Starting with the line that has "Charakterystyczny dekolt w" in the records below and stopping after the line that has "Selling a burgundy", output every line exactly and nothing else; skip pictures.

(Beginning of DATA TO EXAMINE)

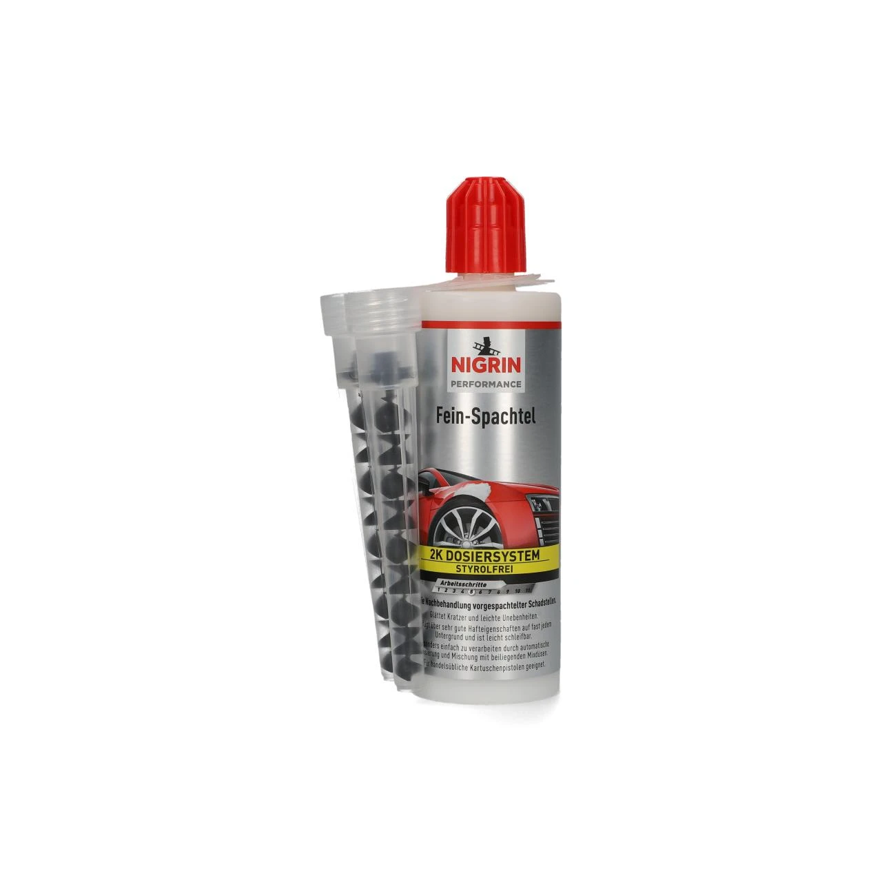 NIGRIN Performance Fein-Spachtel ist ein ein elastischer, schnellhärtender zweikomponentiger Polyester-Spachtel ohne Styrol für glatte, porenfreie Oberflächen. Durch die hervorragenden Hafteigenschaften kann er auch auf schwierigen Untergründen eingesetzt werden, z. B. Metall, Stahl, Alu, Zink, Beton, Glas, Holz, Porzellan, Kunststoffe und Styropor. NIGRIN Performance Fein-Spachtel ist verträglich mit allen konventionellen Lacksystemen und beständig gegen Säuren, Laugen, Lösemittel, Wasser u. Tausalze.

(End of DATA TO EXAMINE)
(Beginning of DATA TO EXAMINE)

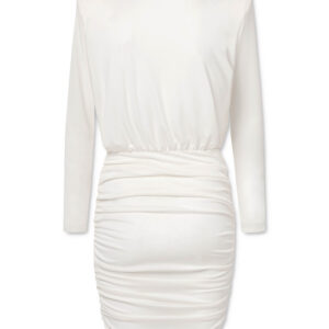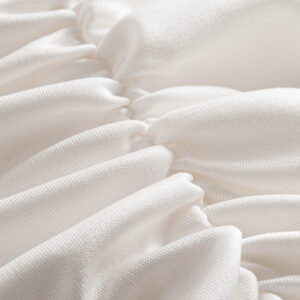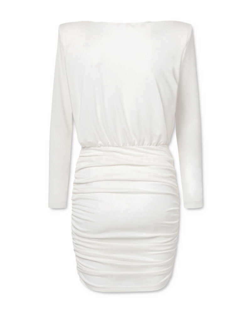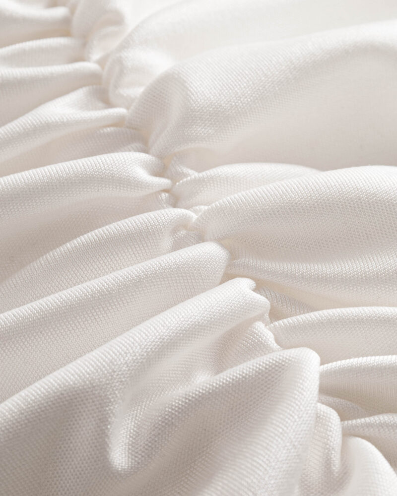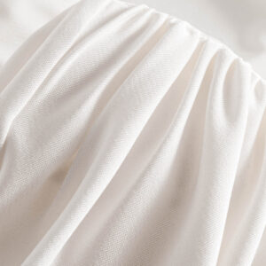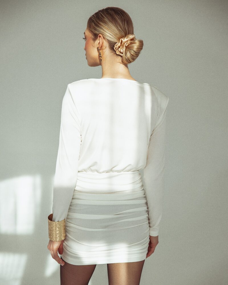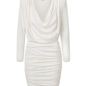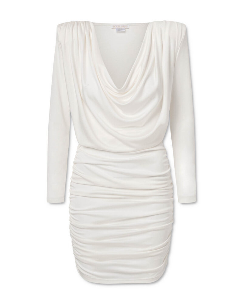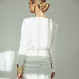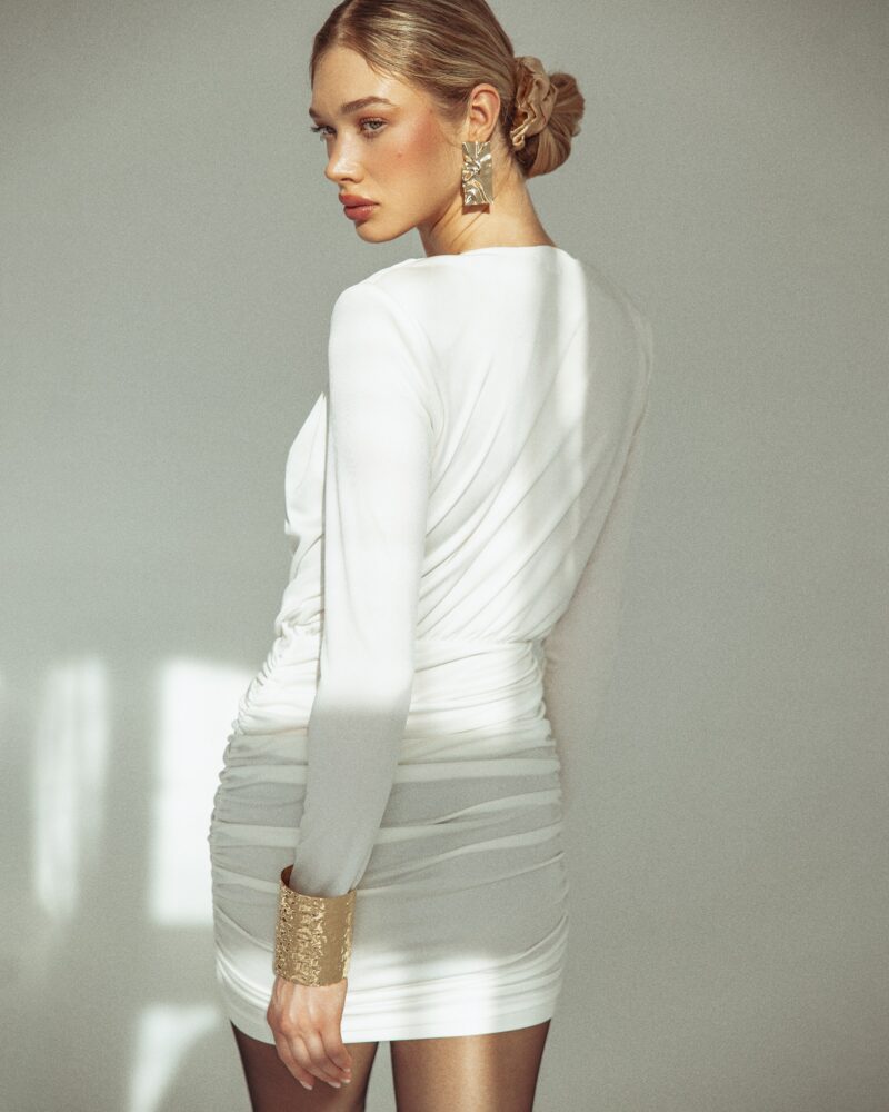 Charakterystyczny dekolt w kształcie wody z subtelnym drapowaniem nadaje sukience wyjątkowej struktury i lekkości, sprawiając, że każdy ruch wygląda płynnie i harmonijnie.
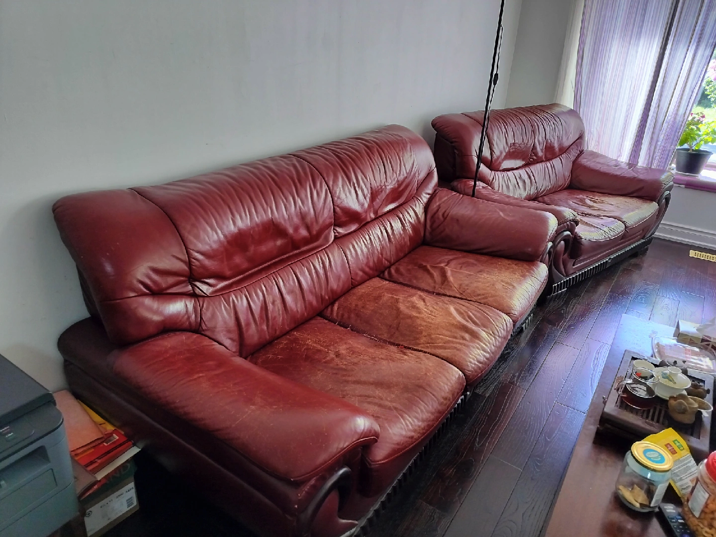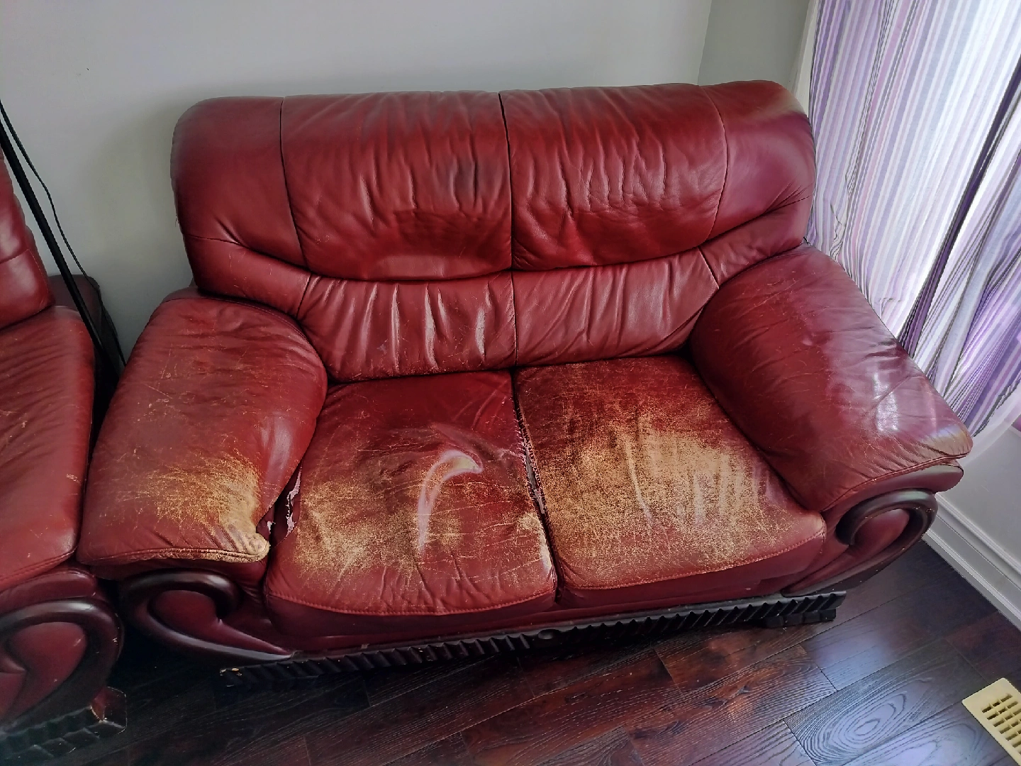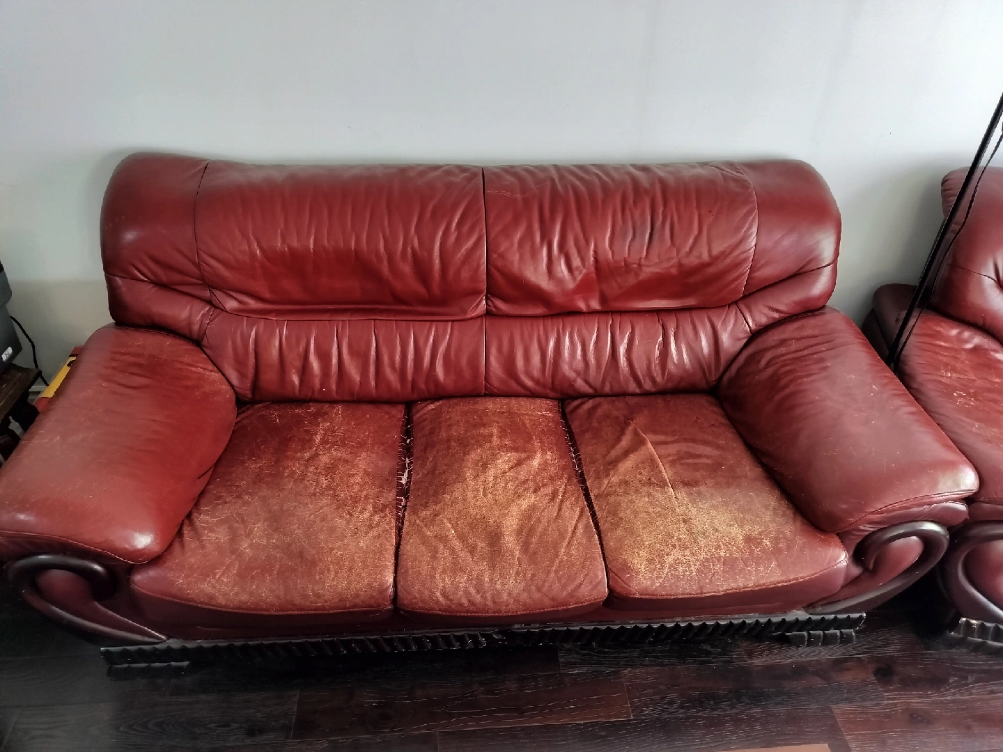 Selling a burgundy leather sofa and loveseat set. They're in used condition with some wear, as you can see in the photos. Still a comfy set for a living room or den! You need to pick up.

(End of DATA TO EXAMINE)

ANSWER SECTION:
 Charakterystyczny dekolt w kształcie wody z subtelnym drapowaniem nadaje sukience wyjątkowej struktury i lekkości, sprawiając, że każdy ruch wygląda płynnie i harmonijnie.
 Selling a burgundy leather sofa and loveseat set. They're in used condition with some wear, as you can see in the photos. Still a comfy set for a living room or den! You need to pick up.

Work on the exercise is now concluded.